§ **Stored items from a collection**
++++

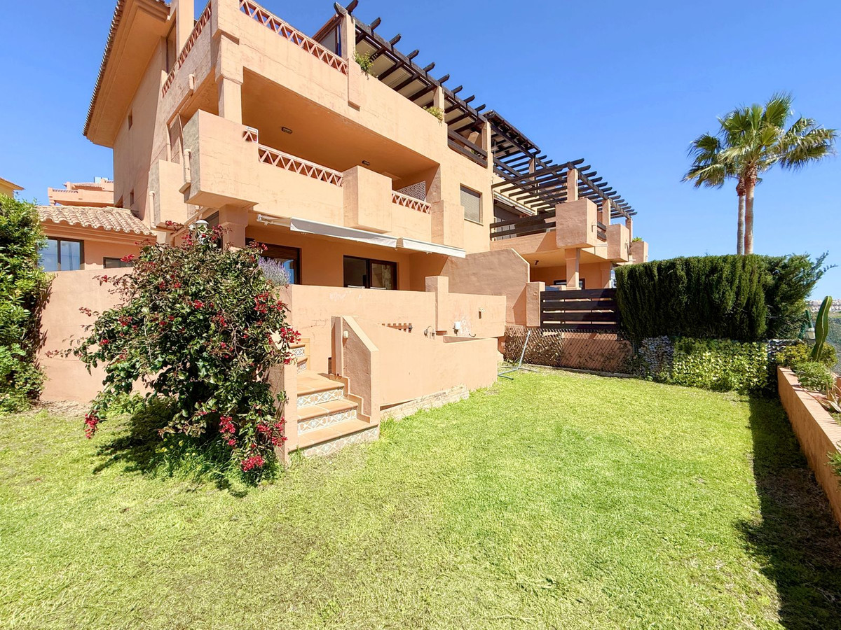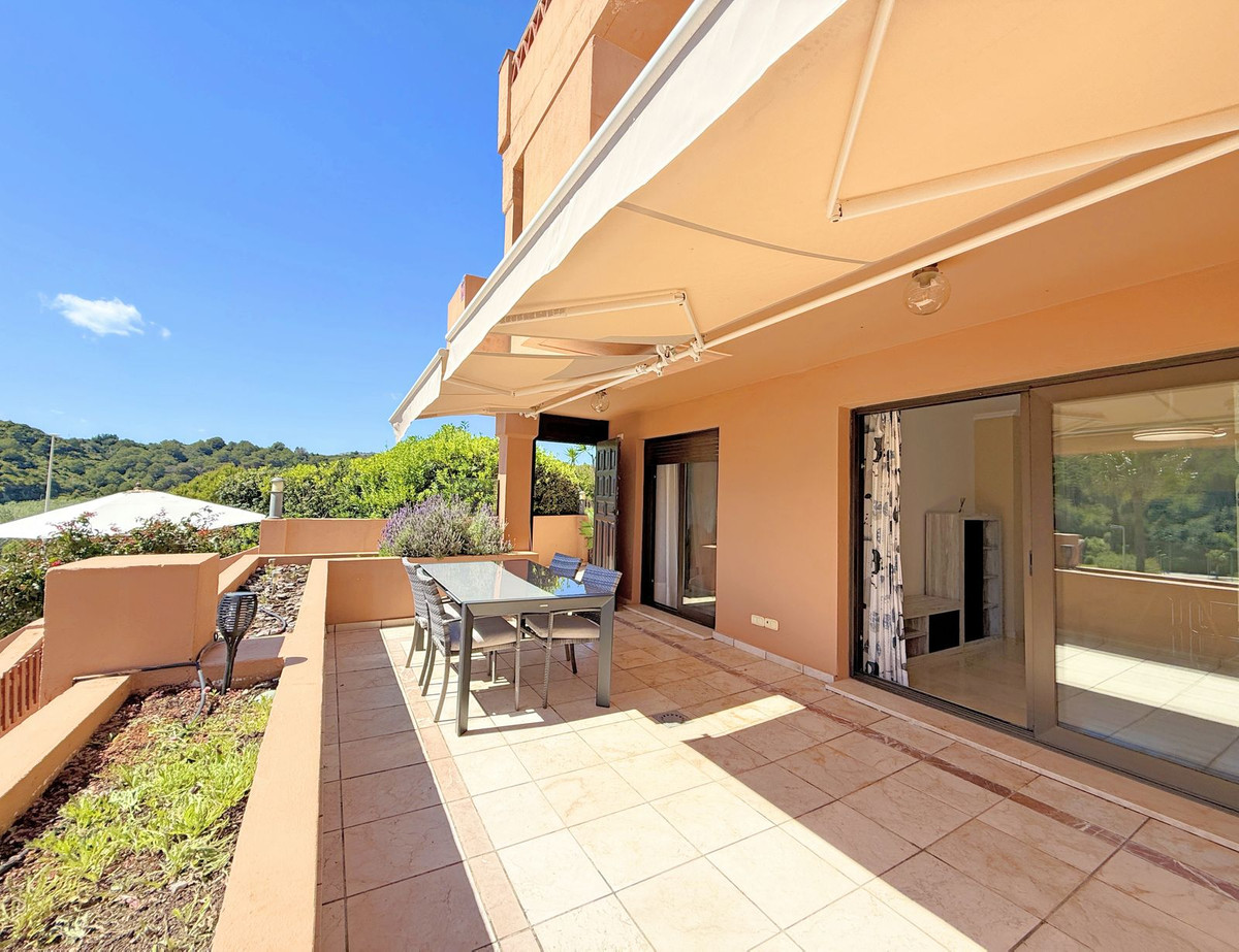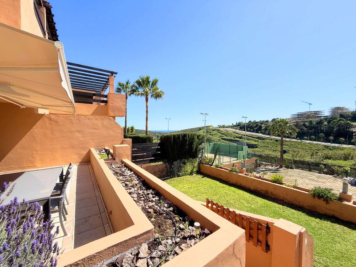 This magnificent ground-floor apartment stands out for its spacious private garden and excellent southwest orientation, ensuring exceptional brightness throughout the day and breathtaking sunsets. Located in a privileged setting on the frontline of a golf course, it offers stunning views of the mountains and the sea. It is situated in Casares Costa, within the exclusive Doña Julia Golf area, a rapidly developing zone featuring luxury developments and a Hilton hotel under construction.
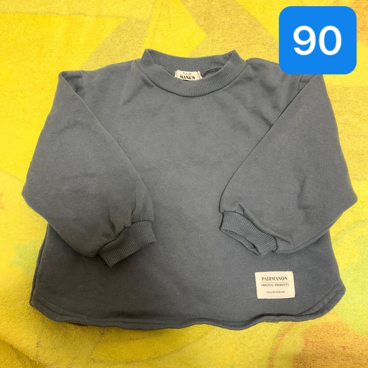 - 裏起毛 くすみブルー ドルマン 長袖 トレーナー 90
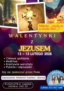 Walentynki z Jezusem w Pliszczynie koło Lublina– spotkanie dla młodzieży od  szkół średnich, studentów i młodzież pracującą. Zapraszamy także młodzież z klasy 8 szkoły podstawowej. Zgłoszenia s. Anna Gruszewska  tel. 572 947 469
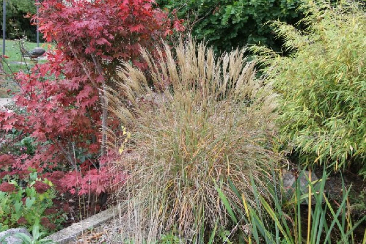 Leicht lässt sich eine Kiesflächen mit einem pflegeleichtem Beet „Gräsermeer“ beleben und sorgt dann für zart-wogende Ausblicke. Nur einmal im Frühjahr schneidet man die Gräser darin kräftig zurück. Den Rest des Jahres braucht man sich kaum um sie zu kümmern. Stattdessen belohnen uns Federborstengras, Reitgras, Rutenhirse, Wimper-Perlgras und Chinaschilf mit feinen Blatttexturen, prächtigen Gräserblüten und toller Herbstfärbung.
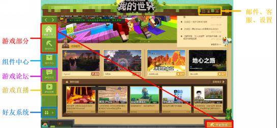 【我的世界启动器】的界面包含两大部分:主体内容区,辅助导航栏。当我们点击红色方框内的“开始游戏”和游戏中心,便可以直接进入《我的世界》;蓝色区域内则可以进入组件中心;粉色区域对应着游戏论坛;点击黄色区域,则可以观看游戏直播。好友系统中,玩家可以添加好友并互动;而在界面右上方的小型图标,则对应着邮件、客服和系统设置。
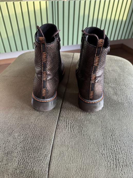 Boja je prošarana crno-smeđa, bakreni odsjaj, zmijski uzorak

++++

§ **What needs to be done**
From the line containing "Leicht lässt sich" through the last line of the data above, write out every line word for word, and nothing else. Do not include the pictures.

§ **Completed exercise**
 Leicht lässt sich eine Kiesflächen mit einem pflegeleichtem Beet „Gräsermeer“ beleben und sorgt dann für zart-wogende Ausblicke. Nur einmal im Frühjahr schneidet man die Gräser darin kräftig zurück. Den Rest des Jahres braucht man sich kaum um sie zu kümmern. Stattdessen belohnen uns Federborstengras, Reitgras, Rutenhirse, Wimper-Perlgras und Chinaschilf mit feinen Blatttexturen, prächtigen Gräserblüten und toller Herbstfärbung.
 【我的世界启动器】的界面包含两大部分:主体内容区,辅助导航栏。当我们点击红色方框内的“开始游戏”和游戏中心,便可以直接进入《我的世界》;蓝色区域内则可以进入组件中心;粉色区域对应着游戏论坛;点击黄色区域,则可以观看游戏直播。好友系统中,玩家可以添加好友并互动;而在界面右上方的小型图标,则对应着邮件、客服和系统设置。
 Boja je prošarana crno-smeđa, bakreni odsjaj, zmijski uzorak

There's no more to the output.